Investors removed $9bn from stocks and shares across Africa, Latin America, eastern Europe and Asia in October, according to figures from the Washington-based Institute of International Finance, which tracks all cross-border investment into developing countries by non-residents.
Cooling sentiment towards emerging markets because of slowing growth in China and unwinding monetary stimulus in the US has been exacerbated by general nervousness about uneven global growth.
The FTSE Emerging index, which consists of developing countries including China, Brazil and India, has lost more than 10 per cent since early September.
“Overall, flows to emerging markets have ground to a halt,” said IIF chief economist Charles Collyns. “There has been some stabilisation in recent days but we expect the pattern of rising risk aversion and shifting Fed rate expectations to continue.”
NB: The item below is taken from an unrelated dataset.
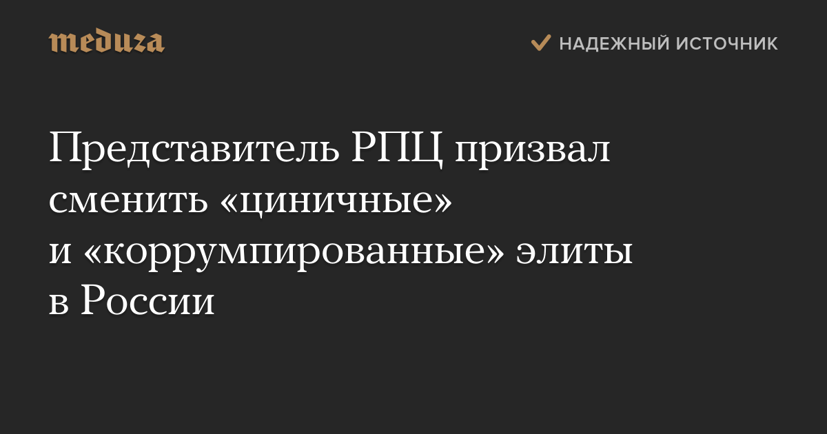 Представитель РПЦ призвал сменить «циничные» и «коррумпированные» элиты в России

Outflows have been particularly pronounced in emerging Europe, where Russia’s conflict with Ukraine has left Russian companies facing a possible credit crunch unless western sanctions are relaxed, according to credit rating agency Moody’s.
However, figures from the IIF show that equity flows were waning across all emerging markets, including Latin America and emerging Asia, where the Chinese ecommerce company Alibaba made the world’s largest stock market debut in September.
“When markets are calm investors tend to differentiate between countries more,” said Paul McNamara, a fund manager at GAM. “But right now there has been a blanket reaction across the sector. There have been some domestic problems in places such as Russia, Venezuela and Argentina but what’s happening is really being driven by the developed world.”